Rabu, 04 September 2013

The S&P Fraud Case as Theater of the Absurd

Sometimes litigation throws such weird light on business and human affairs that it’s best to view the proceedings as ironic commentary on the underlying issues, rather than a rational search for truth, let alone justice. Such is the case with Standard & Poor’s defense against the federal government’s $5 billion fraud lawsuit.

The Justice Department, as you’ll recall, has accused S&P (MHFI) of helping cause the 2008 financial crash by inflating its ratings of esoteric subprime-backed securities. The company’s purported motive: pleasing the investment banks that pay its fees. The rating agency’s first line of defense was that it couldn’t be held liable for its claims of integrity because no sensible investor would believe its “AAA” rubber stamp.

In July, a federal judge in Santa Ana, Calif., brusquely rejected S&P’s “mere puffery” defense. If one read between the lines of his ruling, U.S. District Judge David Carter seemed incredulous that a company that bases its reputation on independent judgment would maintain with a straight face that it’s immune from legal consequences because no one takes its judgment seriously. “If no investor believed in S&P’s objectivity,” the judge wrote, “is S&P asserting that, as a matter of law, the company’s credit ratings service added absolutely zero material value as a predictor of creditworthiness?” It seemed like something from the theater of the absurd.

Now S&P has a new pitch that would make Samuel Beckett and Eugene Ionesco proud. The rating company has accused the Obama administration of “retaliation” for S&P’s downgrade of U.S. creditworthiness in 2011. “Only S&P Ratings downgraded the United States and only S&P Ratings has been sued by the United States, even though the S&P ratings challenged by the United States were no different than those of at least one other rating agency and other rating agencies have made the same assertions of ‘independence’ that are challenged in the complaint as against S&P,” the New York-based company said in the Sept. 3 court filing. In August 2011, S&P downgraded the U.S.’s 60-year-running “AAA” credit rating to “AA+” with a “negative outlook.”

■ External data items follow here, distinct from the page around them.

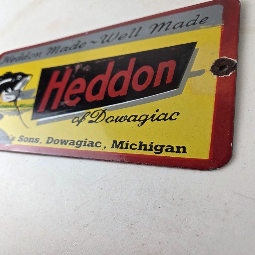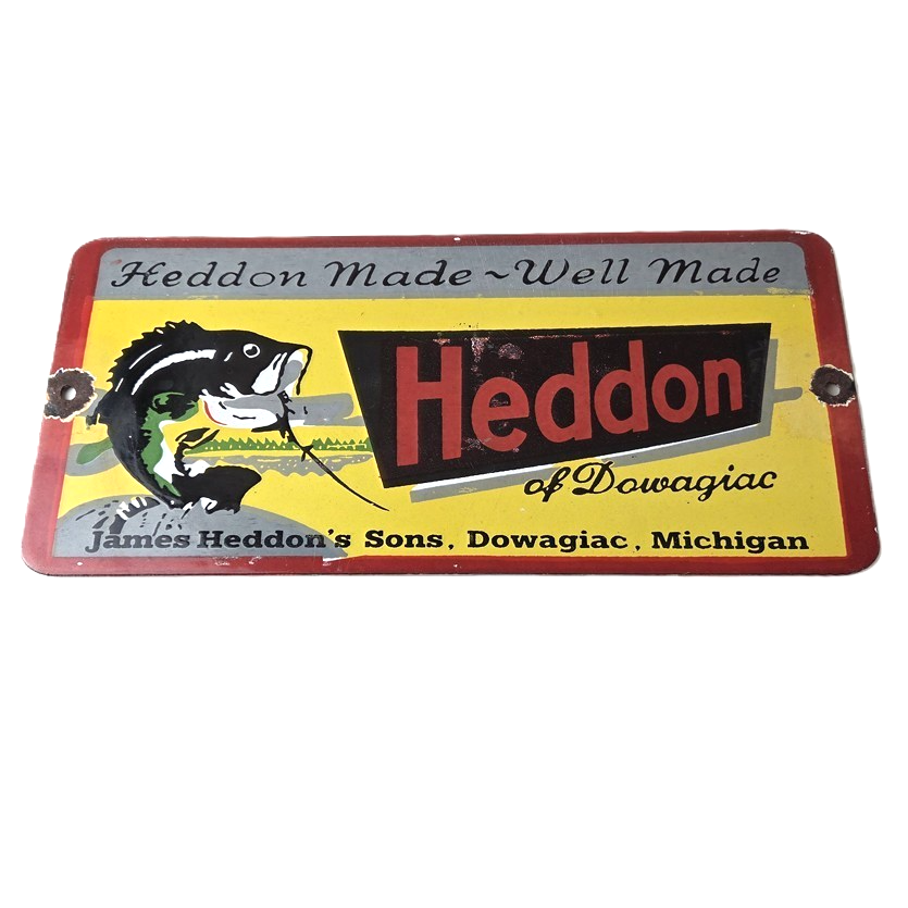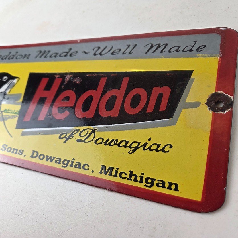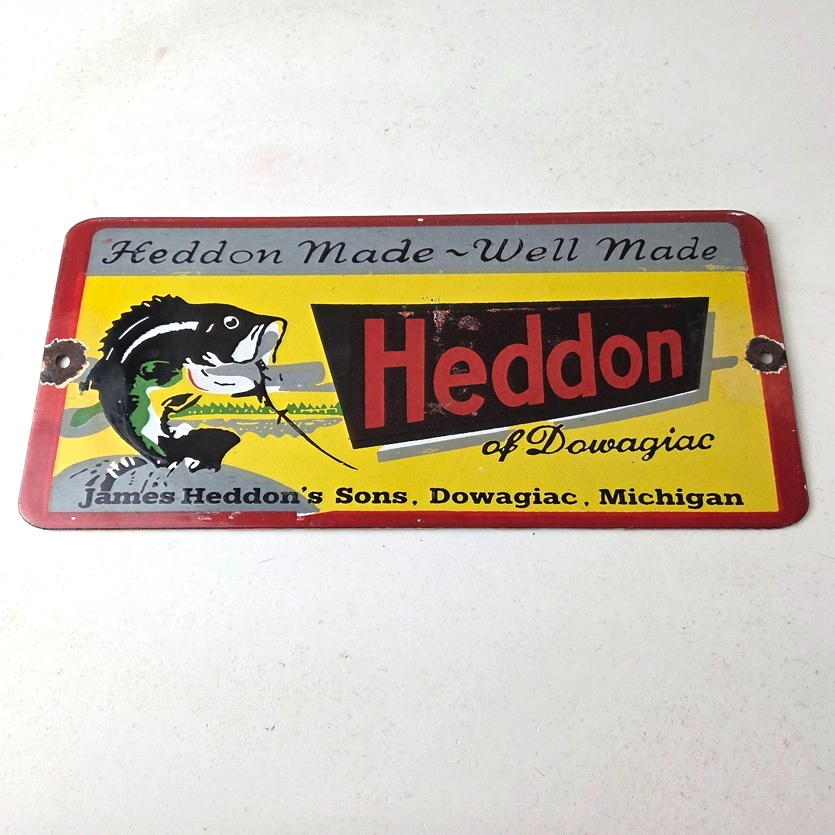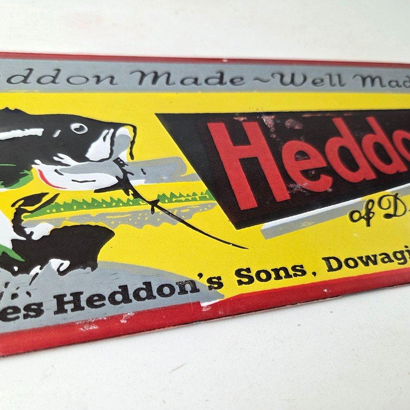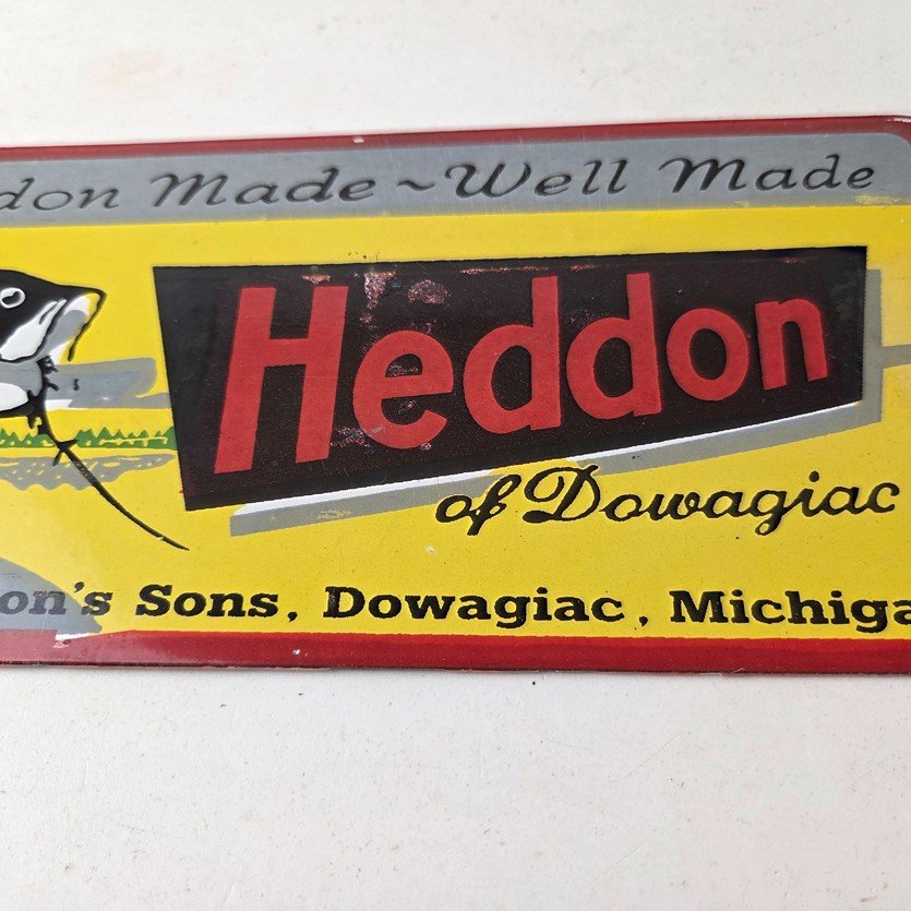 Vintage Heddon Fishing Lures Sign – Fish Tackle Lures Gas Pump Porcelain Ad Sign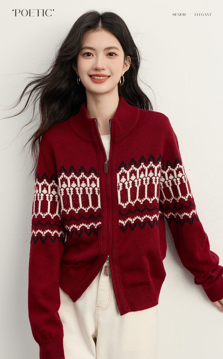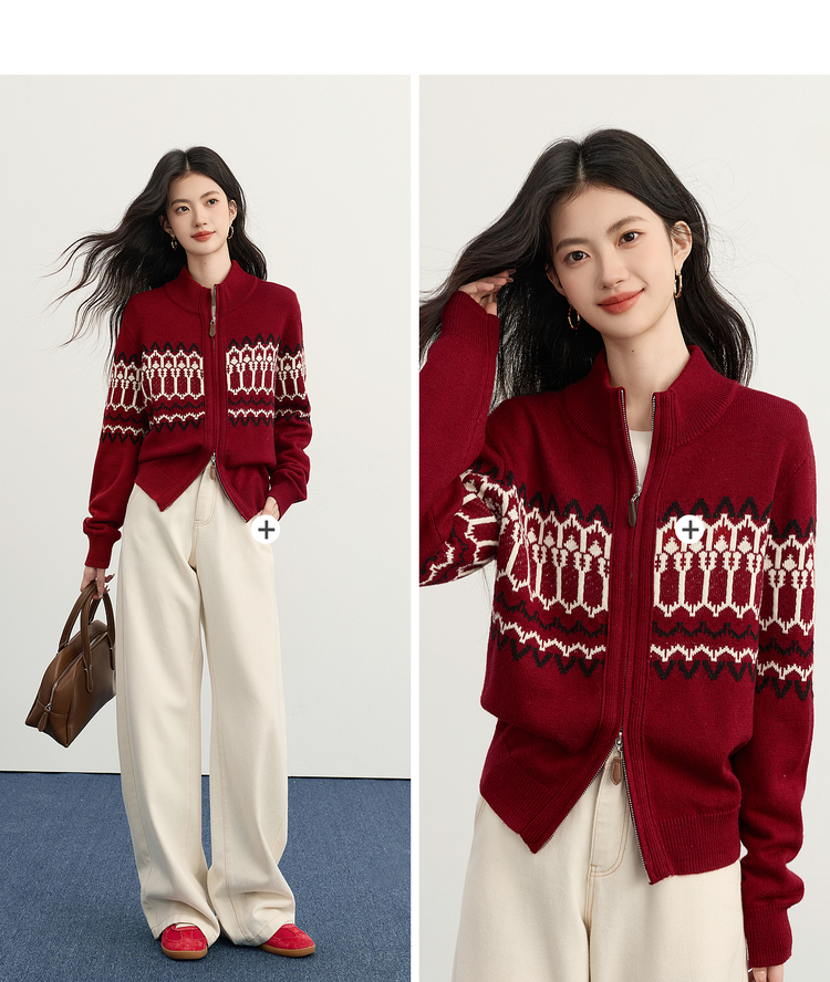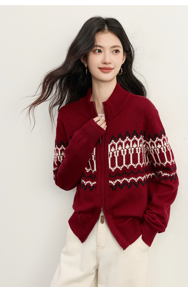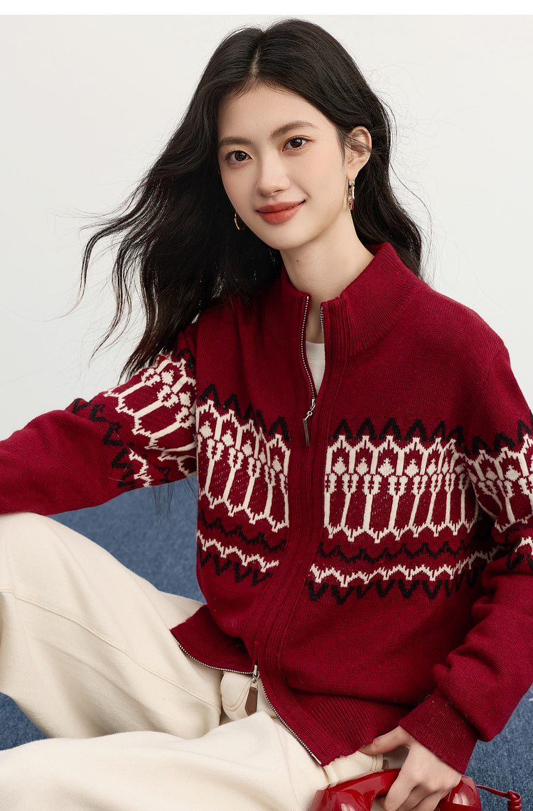 【11/19新品】熙世界红色费尔岛毛衫上衣女2025秋冬新款拉链立领针织毛衣短外套
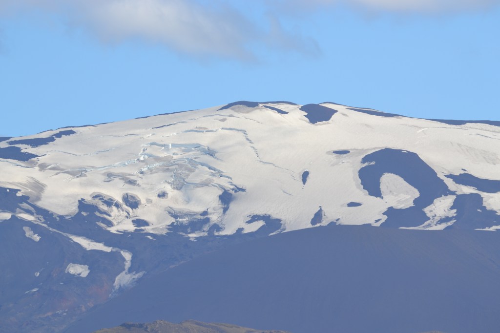 On our way back to civilization, we paused to admire the Hekla volcano. This mountain is extremely active, and has been for centuries. Recently, it has erupted in 1970, 1980, 1990, 2000… and then nothing. It was now 2019, but the mountain seemed quiet, except for obvious slabbing of the snow and ice on its summit, hinting of avalanches in the near future.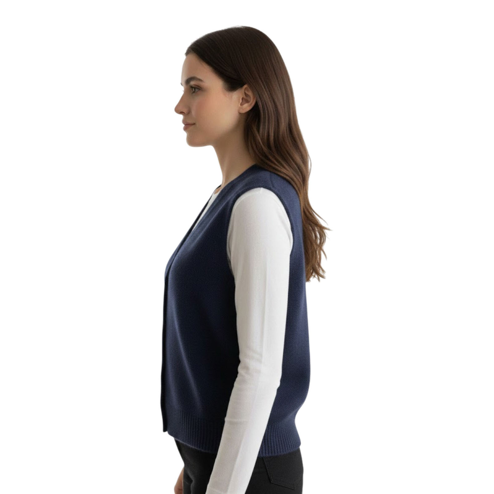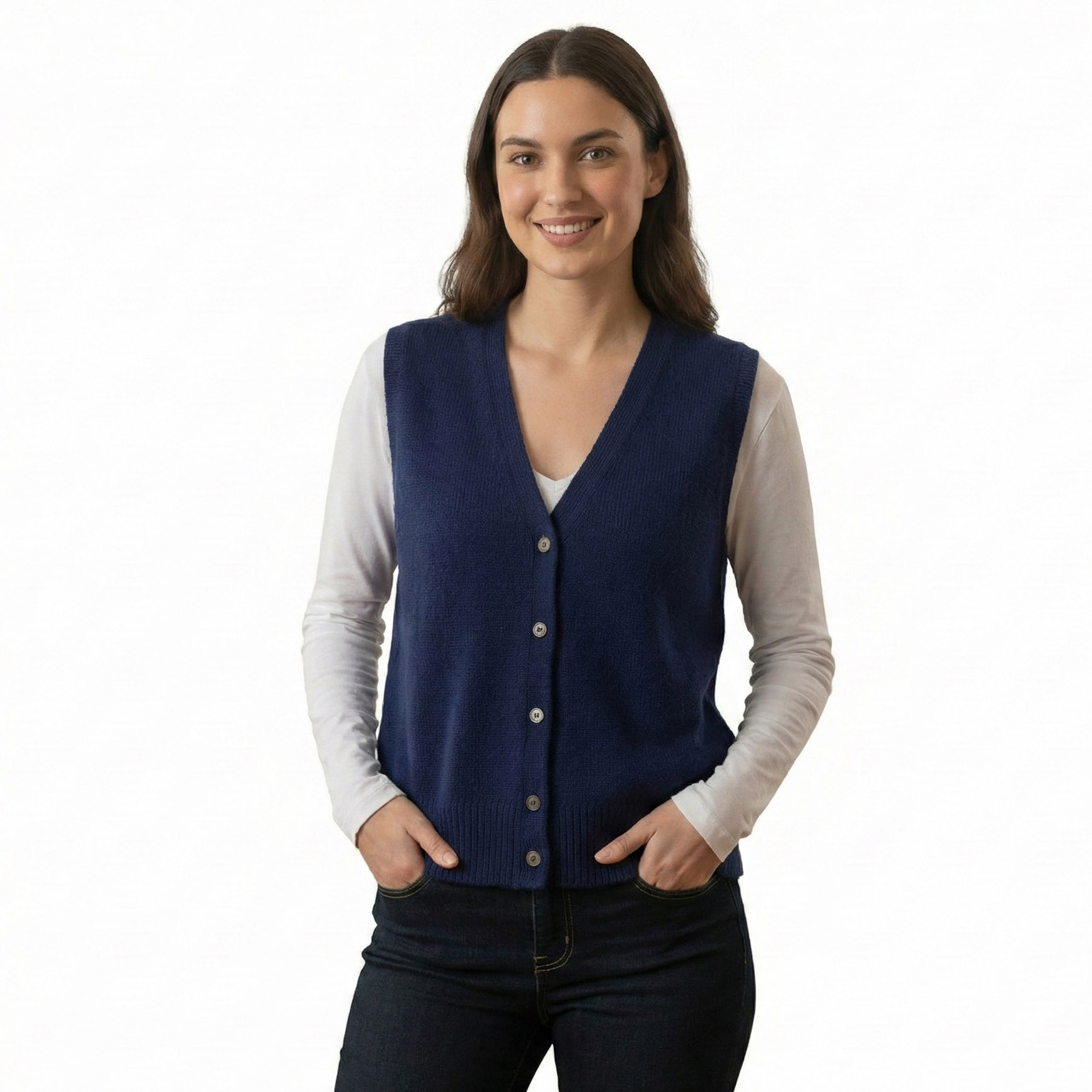 Gilets de la marque Andromède de couleur bleu marine. Ce gilet avec fermeture par bouton offre une texture moelleuse et un confort idéal pour la mi-saison. Sa coupe sans manche permet une grande liberté de mouvement, tandis que le textile utilisé ajoute une touche décontractée et moderne à votre look. Parfait sur un pull col roulé ou toute autre tenue, il apporte une chaleur légère et stylée.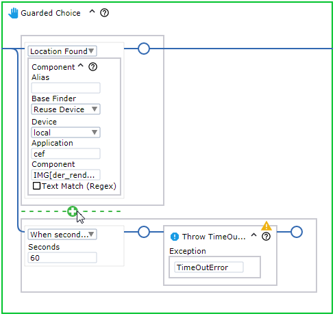 To manually add a guard to a Guarded Choice step, hover your mouse over the bottom line of the guard frame until you see a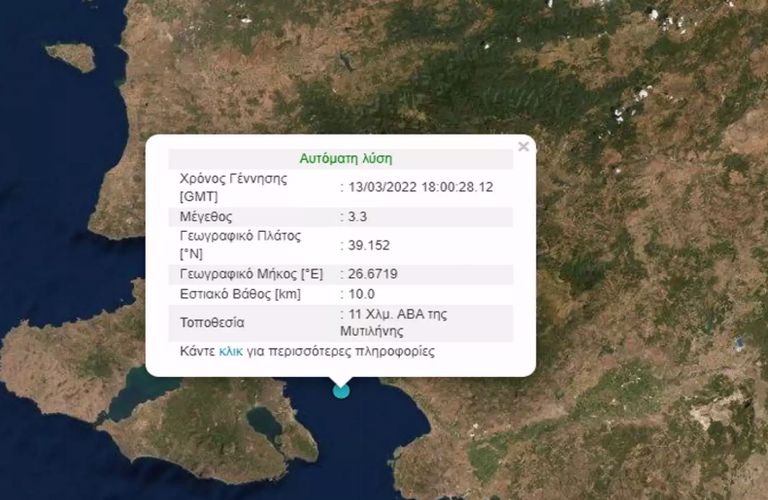 Σεισμός σημειώθηκε κοντά στη Μυτιλήνη στις 8 το βράδυ της Κυριακής (13.03.2022). Το επίκεντρο σε απόσταση μόλις 11 χιλιομέτρων ανατολικά – βορειοανατολικά του νησιού.
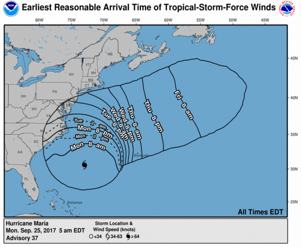Hurrikan Maria befindet sich zur Zeit rund 700 Kilometer östlich des US-Staates Florida. Er zieht mit ungefähr 15 Kilometer pro Stunde über das Meer und erreicht dabei durchschnittlich Windgeschwindigkeiten von 185 km/h.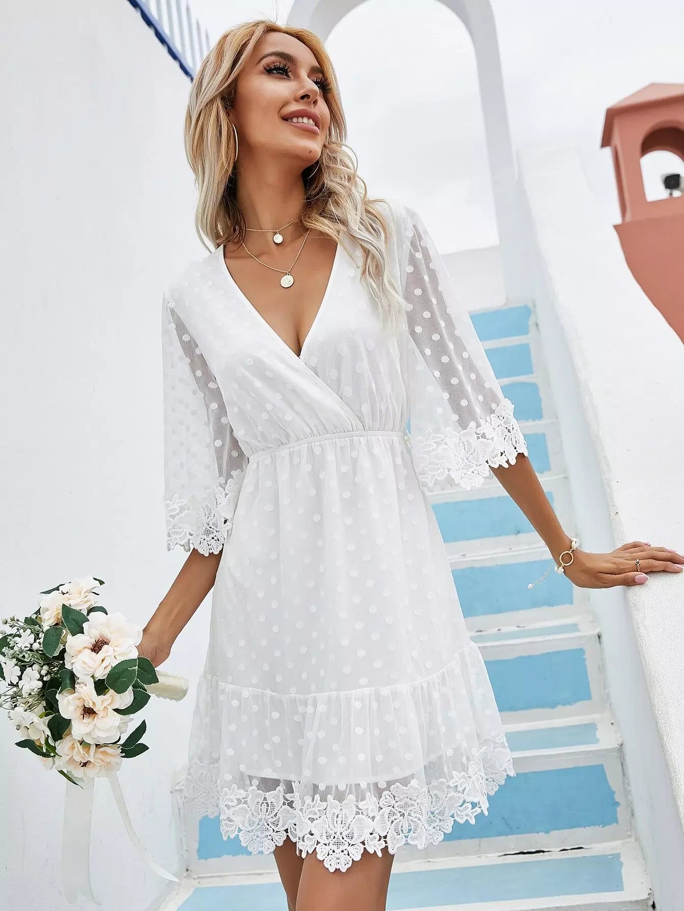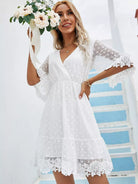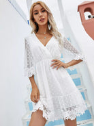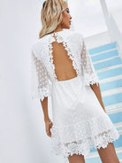 Dobby Mesh Overlay Backless Ruffle Hem A-line Dress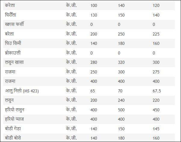 पोखरामा आज रातो र सेतो दुवै आलुको भाउ प्रति के।जी ६० रुपैयाँ रहेका छ ।यस्तै घिरौला १४० रुपैयाँ के.जी छ । यस्तै आज प्याज सुकेको १२० रुपैयाँ , गाजर १३५ रुपैयाँ प्रति केजी रहेको छ । रायोको साग ८० रुपैयाँ रहेको छ ।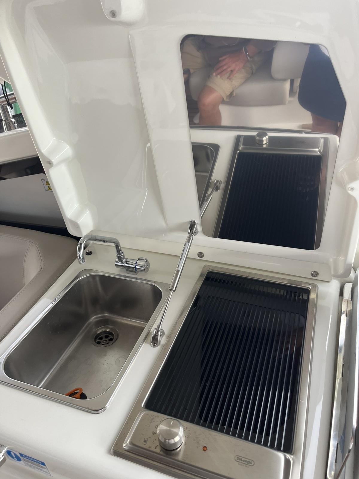 Alarme moteur, Alarme de pompe de cale, Ouverture du compartiment moteur électrique, Eau sous pression, Couleur spéciale, 2 Douche de cockpit (Una a prua e una a poppa), Flaps hydrauliques, Garage à annexe, Hard top (Con tenda), Lavabo dans le cockpit, Spots sous-marins, Passerelle (Idraulica a scomparsa), Plateforme arrière (AD IMMERSIONE IDRAULICA), Pompe de cale automatique, Pont en teck, Cockpit en teck, Prise de quai, Connexion eau sous pression à quai, Rollbar, Guindeau électrique, Echelle de bain, table de cockpit.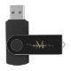 Cute Black Gold Script Typography Monogram USB Flash Drive. An elegant gold monogram with a cute white, decorative script personalized name with botanical swashes.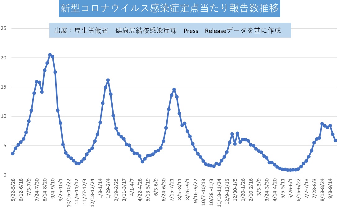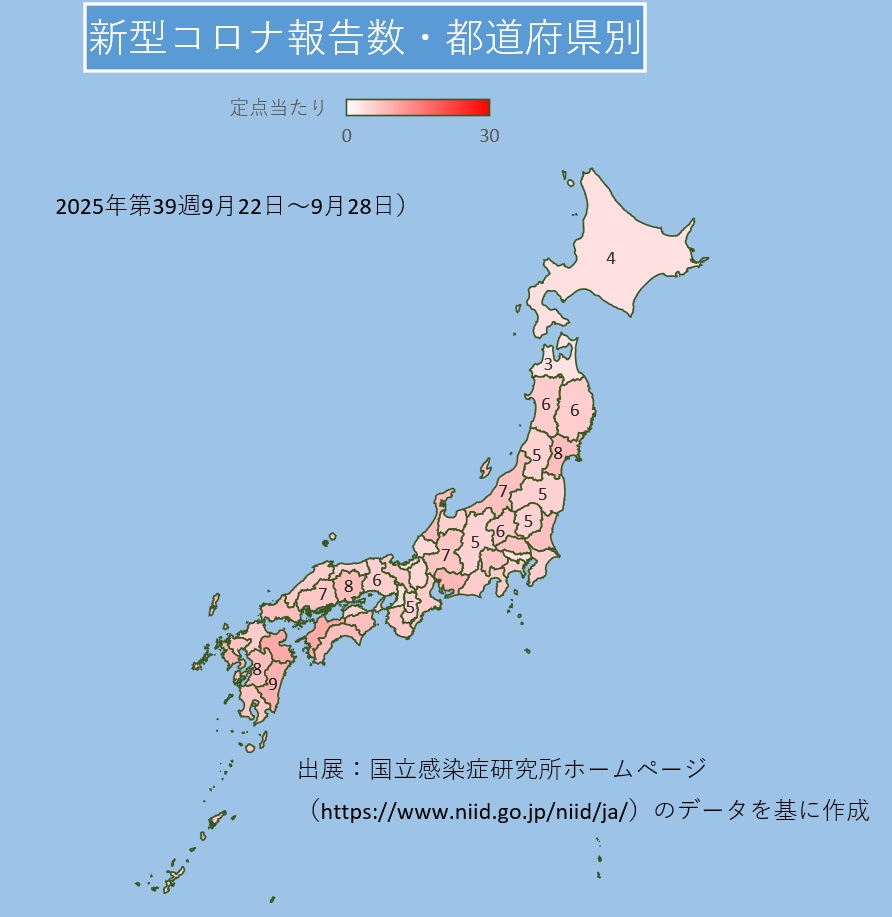 2025年9月22日~9月28日 2025.10.03 新型コロナウイルス感染症定点当たり報告数の第39週目(2025年9月22日~2025年9月28日)です。2023年5月からの報告数推移をグラフにしました。 < 2025年9月29日~10月5日2025年9月15日~9月21日 > NEW 2025.07.29 2025年夏季期間中もカレンダー通りにキエルキンを製造・出荷します! 2024.12.19 年末年始の出荷について 2024.11.16 【キエルキンをまだ使ったことがない方へ】お得なご新規セットを試しませんか?【2024年11月20日~2025年5月16日まで】 2024.07.30 2024年夏季もカレンダー通りにキエルキンを出荷します! 2024.04.26 除菌のしすぎは良くないのでは?

The government, unsurprisingly, denies that its suit is merely a gesture of revenge. The Justice Department responded to questions about S&P’s filing by citing a Feb. 5 press conference announcing the case during which Associate Attorney General Tony West said there was “no connection” to the downgrade. S&P has presented no plausible evidence—in the form of memos or whistle-blower testimony—to support its retaliatory conspiracy charge.

More interesting than the pretrial finger-pointing itself are the bizarre, if inadvertent, incongruities S&P continues to highlight in court. Having initially gone with don’t-mind-our-puffery, S&P proceeds to invite comparisons between its woefully inaccurate (and suspiciously rosy) precrisis ratings and its so-far woefully inaccurate 2011 prediction that the entire U.S. government had become a less reliable investment. S&P was dead wrong about subprime securities during the housing bubble, and as the U.S. economy has slowly recovered from recession, it has been wrong again about the safety of buying Treasury securities. Maybe S&P is still trying to prove its point that no one ought to take it seriously.

S&P’s retaliation defense also highlights that its rivals, Moody’s (MCO) and Fitch, issued ratings similar to S&P’s and yet haven’t been named as defendants. Granted, the Justice Department hasn’t explained why it singled out S&P. Yet if one thinks about this a little more, S&P’s objection isn’t much different from that of any target of government law enforcement. It’s always sort of unfair when the feds go after some but not all alleged offenders. Unable to police misconduct on a truly systematic basis, the authorities often crack down on one high-profile player to send a message to the marketplace. The unlucky recipient of the government’s unmerciful attention almost always feels persecuted. Just ask Steven Cohen and his hedge-fund firm SAC Capital Advisors. The question is not whether “everyone is doing it”—it’s whether the Justice Department can show by means of testimony and documents that you did it.

Can the government make its case against S&P? That’s far from obvious. There’s a big difference between incompetence and fraud. Eventually, S&P will have to narrow its defense to the matter of whether its closely followed and highly lucrative predictions were faulty or dishonest. In the meantime, enjoy the strange theater.